> **THE DATA**

* * * *

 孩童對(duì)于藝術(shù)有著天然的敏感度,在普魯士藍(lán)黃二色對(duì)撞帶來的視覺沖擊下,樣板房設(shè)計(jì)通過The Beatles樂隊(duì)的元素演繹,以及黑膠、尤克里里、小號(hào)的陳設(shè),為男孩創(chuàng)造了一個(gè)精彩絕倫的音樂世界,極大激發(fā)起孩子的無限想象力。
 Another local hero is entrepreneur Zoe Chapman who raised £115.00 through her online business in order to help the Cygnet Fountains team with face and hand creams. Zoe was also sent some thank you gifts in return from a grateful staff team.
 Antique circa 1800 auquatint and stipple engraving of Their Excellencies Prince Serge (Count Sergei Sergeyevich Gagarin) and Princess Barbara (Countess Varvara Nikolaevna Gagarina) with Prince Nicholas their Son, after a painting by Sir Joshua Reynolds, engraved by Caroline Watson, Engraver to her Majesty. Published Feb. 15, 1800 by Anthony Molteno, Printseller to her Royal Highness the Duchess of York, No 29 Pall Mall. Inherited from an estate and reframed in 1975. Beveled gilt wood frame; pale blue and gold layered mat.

* * * *

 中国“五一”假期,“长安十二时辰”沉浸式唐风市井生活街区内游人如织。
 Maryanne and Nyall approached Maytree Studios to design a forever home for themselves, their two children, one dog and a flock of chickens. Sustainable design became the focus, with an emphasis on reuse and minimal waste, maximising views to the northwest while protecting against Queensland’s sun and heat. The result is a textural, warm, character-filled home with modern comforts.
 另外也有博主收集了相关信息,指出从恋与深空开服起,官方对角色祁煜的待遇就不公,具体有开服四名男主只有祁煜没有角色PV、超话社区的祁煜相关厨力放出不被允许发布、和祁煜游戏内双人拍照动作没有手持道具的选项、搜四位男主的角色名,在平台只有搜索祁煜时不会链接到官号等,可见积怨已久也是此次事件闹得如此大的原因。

* * * *

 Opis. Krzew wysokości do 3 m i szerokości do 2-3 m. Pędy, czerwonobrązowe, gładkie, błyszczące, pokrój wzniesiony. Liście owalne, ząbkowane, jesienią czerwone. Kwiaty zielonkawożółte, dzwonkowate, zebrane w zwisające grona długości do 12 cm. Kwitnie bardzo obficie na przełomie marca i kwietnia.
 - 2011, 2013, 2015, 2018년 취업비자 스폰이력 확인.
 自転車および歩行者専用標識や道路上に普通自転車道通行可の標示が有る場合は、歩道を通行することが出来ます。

* * * *

> **TASK TO CARRY OUT**
From the records above, copy only the lines starting with the line that holds "孩童對(duì)于藝術(sh" and going on through the line that holds "Antique circa 1800", exactly as written.

> **EXERCISE OUTPUT**
 孩童對(duì)于藝術(shù)有著天然的敏感度,在普魯士藍(lán)黃二色對(duì)撞帶來的視覺沖擊下,樣板房設(shè)計(jì)通過The Beatles樂隊(duì)的元素演繹,以及黑膠、尤克里里、小號(hào)的陳設(shè),為男孩創(chuàng)造了一個(gè)精彩絕倫的音樂世界,極大激發(fā)起孩子的無限想象力。
 Another local hero is entrepreneur Zoe Chapman who raised £115.00 through her online business in order to help the Cygnet Fountains team with face and hand creams. Zoe was also sent some thank you gifts in return from a grateful staff team.
 Antique circa 1800 auquatint and stipple engraving of Their Excellencies Prince Serge (Count Sergei Sergeyevich Gagarin) and Princess Barbara (Countess Varvara Nikolaevna Gagarina) with Prince Nicholas their Son, after a painting by Sir Joshua Reynolds, engraved by Caroline Watson, Engraver to her Majesty. Published Feb. 15, 1800 by Anthony Molteno, Printseller to her Royal Highness the Duchess of York, No 29 Pall Mall. Inherited from an estate and reframed in 1975. Beveled gilt wood frame; pale blue and gold layered mat.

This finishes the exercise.